This is the first post where I will share recipes that I use in my cooking. As I mentioned in a previous post, I am keeping it fairly low carb with carbs around my workouts, and I am generally keeping it paleo (though my theory on paleo might differ from others, which I’ll save for a later blog).

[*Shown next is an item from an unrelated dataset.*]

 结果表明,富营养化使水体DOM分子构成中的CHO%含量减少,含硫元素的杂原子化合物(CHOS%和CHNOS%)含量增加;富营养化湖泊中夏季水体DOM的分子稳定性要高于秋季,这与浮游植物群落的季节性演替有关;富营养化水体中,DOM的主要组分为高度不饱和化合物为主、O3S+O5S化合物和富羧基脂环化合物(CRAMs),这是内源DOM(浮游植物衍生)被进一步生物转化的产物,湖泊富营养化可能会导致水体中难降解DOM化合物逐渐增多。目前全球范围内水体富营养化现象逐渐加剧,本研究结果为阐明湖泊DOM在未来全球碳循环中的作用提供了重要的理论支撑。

This recipe for chili is great. It is easy to prep, tastes good, and can be portioned out to eat as a quick snack or meal throughout the week. It’s filled with things that are good for you:
- Grass fed beef is loaded with protein, healthy fats, and Vitamin E
- A healthy amount of garlic and onions contains oodles of antioxidants
- Jalapenos and dried chiles are loaded with vitamins, capsaicin (which helps fight inflammation), boost immunity, help control fat, and basically everything else good in the world
- Tomatoes, which improve heart health and bone health
- Homemade bone broth, which helps your joints and comes packed with vitamins and minerals
- Mushrooms, which improve your immune system while lowering estrogen
- Lastly, the bacon and beef give you some cholesterol, which is actually good for you and is highly anabolic
It is spicy, but not too spicy. It is a good way to hide vegetables or things you might not otherwise want to eat. Case in point; the mushrooms are perfect for someone like me, who doesn’t like the texture of mushrooms, but wants to get them in somehow. You will want to pick a mushroom with a meaty flavor, so it enhances the flavor of the dish.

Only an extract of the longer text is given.